É provável que Javier Milei, presidente da Argentina, nem soubesse. Mas Liliana Bayura torcia as mãos com luvas amarelas enquanto seu marido cortava plantas verdes e densas na fazenda deles nas colinas de Misiones, uma exuberante província argentina situada entre o Brasil e o Paraguai.

A cada golpe de facão, o valor da colheita caía ainda mais.

Naquela manhã, eles receberam 180 pesos argentinos — cerca de US$ 0,13 — por quilo de folhas que se transformariam em erva-mate, a popular bebida com cafeína que a maioria dos argentinos toma diariamente e que o astro do futebol Lionel Messi transformou em um símbolo global da nação.

Isso representou uma queda de 20 pesos (ou US$ 0,015) em relação ao dia anterior, e um recuo ainda maior em relação aos 250 pesos (US$ 0,19) que eles normalmente ganhavam em dezembro de 2023, quando Javier Milei se tornou presidente do país.
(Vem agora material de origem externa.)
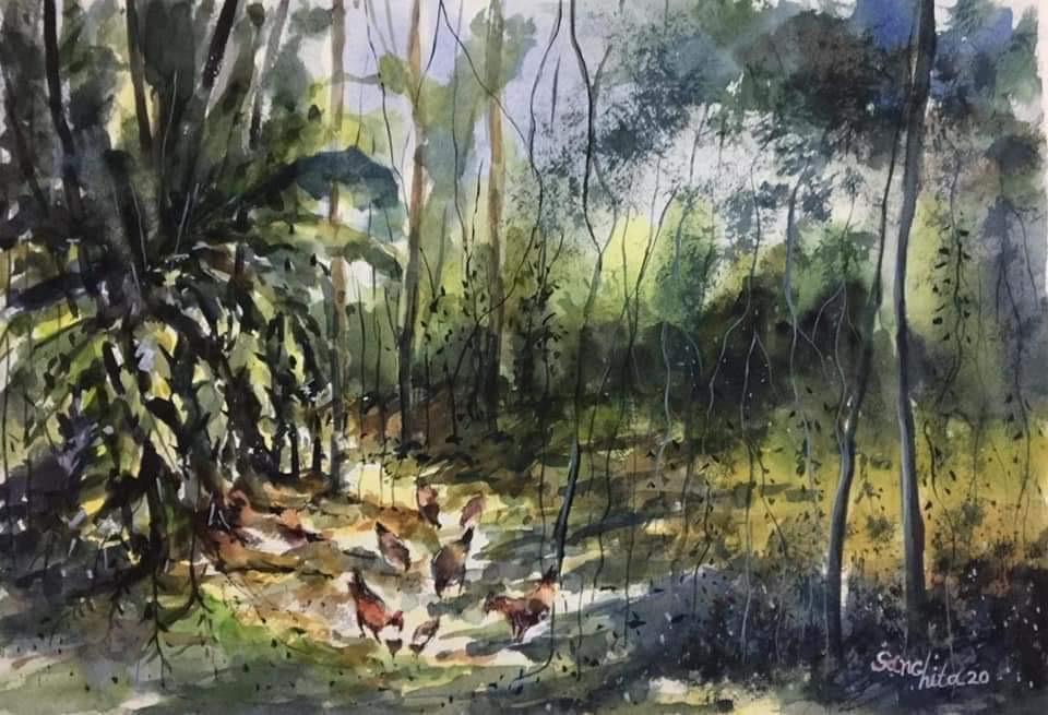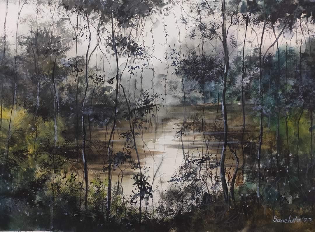 Sanchita Saha is an Artist who lives in Dhaka. She received her Bachelor’s and Master’s degrees in Economics, followed by a Bachelor’s degree in Fine Arts. Then, she continued her career as a painter and art educator.

Em uma ruptura drástica com décadas de intervenção estatal, o líder do país eliminou diversos controles e regulamentações de preços que protegiam e também prejudicavam os negócios argentinos.

Dez dias após o início do mandato de Milei, ele restringiu os poderes de fixação de preços da erva-mate pelo órgão regulador nacional, conhecido como INYM, e posteriormente eliminou o congelamento de preços nos supermercados.

A cruzada rendeu a Milei aplausos de investidores, à medida que a economia argentina, há muito tempo em dificuldades, se estabilizava e a inflação recuava de um pico próximo a 300%.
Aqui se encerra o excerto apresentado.